Bir yandan Soğuk Savaş’ın galipleri, ABD ve Batılı müttefikleri, artık kendi çıkarlarına hizmet etmediği için mevcut uluslararası sistemden memnun değiller.

Bu nedenle ABD, Birleşmiş Milletler’in kararlarına saygı göstermiyor ve yakın zamanda bazı BM kurumlarından çekildi.

Öte yandan, başka hiçbir küresel güç küresel hegemonya talep etmiyor. Çin gibi meydan okuyan devletler bunun bedelini ödemeye ve yeni bir küresel hegemonya getirmeye hazır değil. Şimdilik bedavaya devam etmeyi tercih ediyorlar.

İki rakip

ABD önderliğindeki Batı hegemonyasına karşı iki ana meydan okuyan ve süper güç olmak için iki aday var. İlki Çin ve ikincisi Rusya.

Çin, ABD önderliğindeki Batı hegemonyasına meydan okumak için en büyük potansiyele sahiptir. Karşılaştırmalı üstünlüklere sahip olan ve dünyanın en hızlı büyüyen ekonomisi olan ülke, bugün dünyanın en büyük ve en güçlü ekonomisine sahiptir.

Çin, nükleer güç kapasitesi, nükleer denizaltıları, kıtalararası füzeleri ve devasa ordusuyla Batı’ya meydan okumak için büyük bir siyasi güce sahip.

Dünyanın en güçlü askeri güçlerinden biri olan Rusya, Batı ittifakına ve Amerikan hegemonyasına ciddi bir tehdit oluşturmaya devam ediyor.

Bazıları Rusya’yı azalan bir süper güç olarak görse de, yine de NATO ittifakının ana “öteki” olarak kabul ediliyor. Rusya, Devlet Başkanı Vladimir Putin’in güçlü liderliği altında, büyük güçler kulübü içindeki konumunu sağlamlaştırmaya çalışıyor.

Ülke, Sovyetler Birliği’nin dağılmasının ardından kayıplarını telafi etmeye çalışıyor; bu nedenle, bazı gözlemciler Rusya’yı yeniden dirilen bir güç olarak görüyor.

Bu iki büyük gücün yanı sıra Avrupa Birliği, Hindistan, Brezilya, Almanya, Fransa ve Birleşik Krallık gibi diğer bazı güçler de dünya sisteminden kendi paylarını almaya can atıyorlar.
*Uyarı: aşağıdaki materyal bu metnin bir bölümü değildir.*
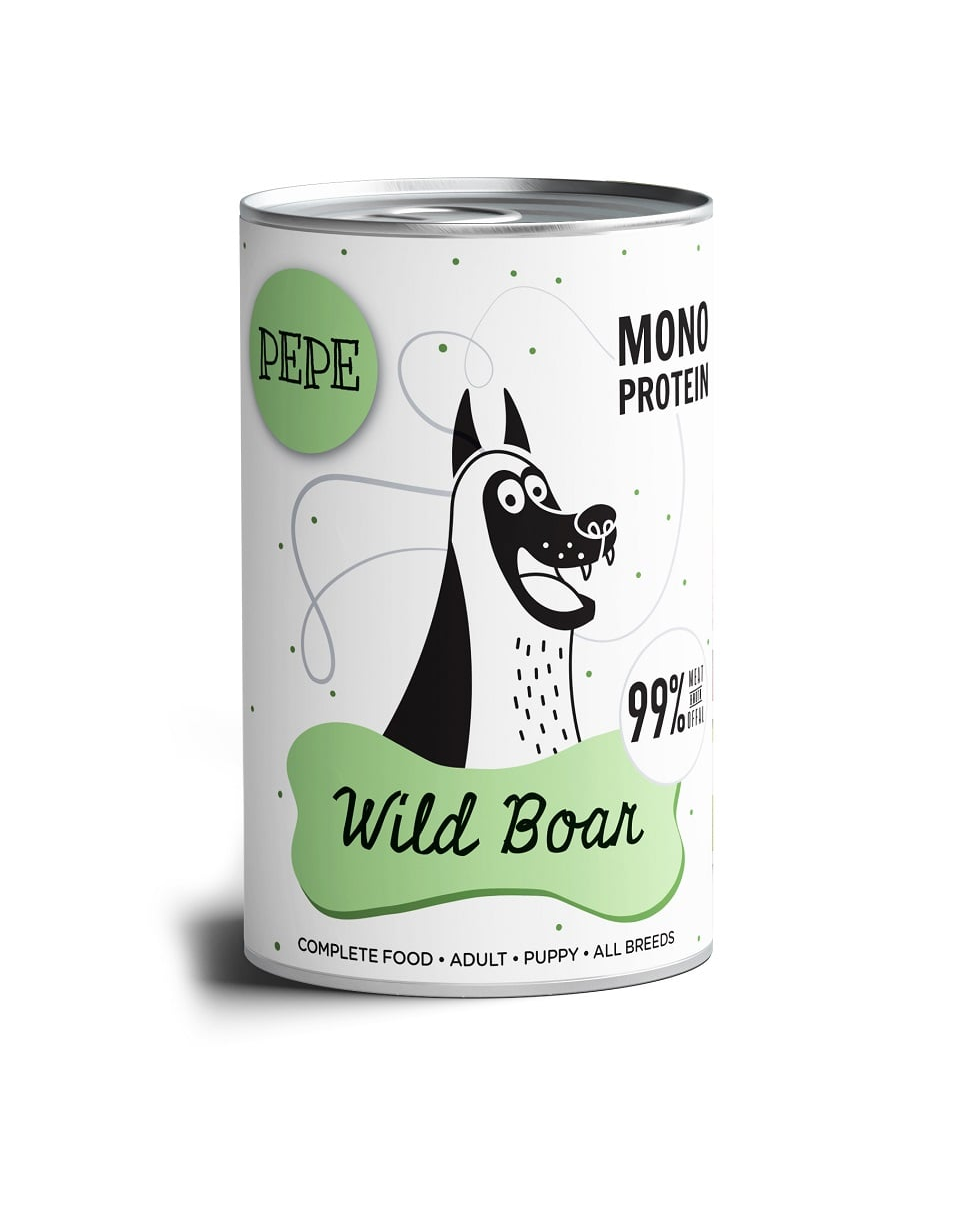 Compoziție: 99% mistreț (71% carne + organe, 28% supă), 1% minerale

Küresel güçler arasında artan güvensizlik, tüm potansiyel küresel aktörler dünyayı çok kutupluluğa götürebilecek bağımsız bir dış politika izlemek istiyor.

Geçiş dönemi

Küresel güç dengesindeki herhangi bir sistemik değişiklik, 21. yüzyıl trendini sona erdirecek ve yeni bir trendi başlatacaktır. Yani yeni bir sistemik düzenin kurulması günümüz geçiş dönemini sona erdirecek ve dünyayı yeni bir yüzyıla götürecektir.

Ancak görünen o ki, mevcut geçiş dönemi birkaç yıl daha devam edecek.

Bu siyasi bağlamda, devletler arasında artan güvensizlik, küresel ve bölgesel güçlerin yalnızca geçici ittifaklar oluşturduğu bir realpolitik oyunu gerektiriyor.

Yüksek düzeyde güvensizlik nedeniyle, ne hegemonik Batılı devletler (ABD ve Avrupalı ​​müttefikleri) ne de meydan okuyan Doğu devletleri (Çin, Rusya ve İran) kalıcı ittifaklar kurabilir.

Sonuç olarak ABD, izolasyoncu ve tek taraflı politikaları müttefiklerini özellikle son yirmi yılda yabancılaştırdığından beri müttefiklerinin çoğunu kaybediyor.

Dahası, uluslararası siyasette yeni tip aktörlerin ve tehditlerin ortaya çıkması ve yükselişi, ABD dahil tüm ulus-devletlerin ulusal güvenliğini baltalıyor Kitle silahlarına sahip El Kaide ve IŞİD gibi devlet dışı şiddet aktörlerinin sayısının ve etkinliğinin artması yıkım, bulaşıcı hastalık riskinin artması, güvenlik kavramının içeriğinin genişletilmesi ve teknolojik yeniliklerin yayılması, küresel sistemin geleceğini daha da karmaşıklaştırmaktadır.

Bu nedenle dünya sisteminin geleceğini değerlendirmek zordur.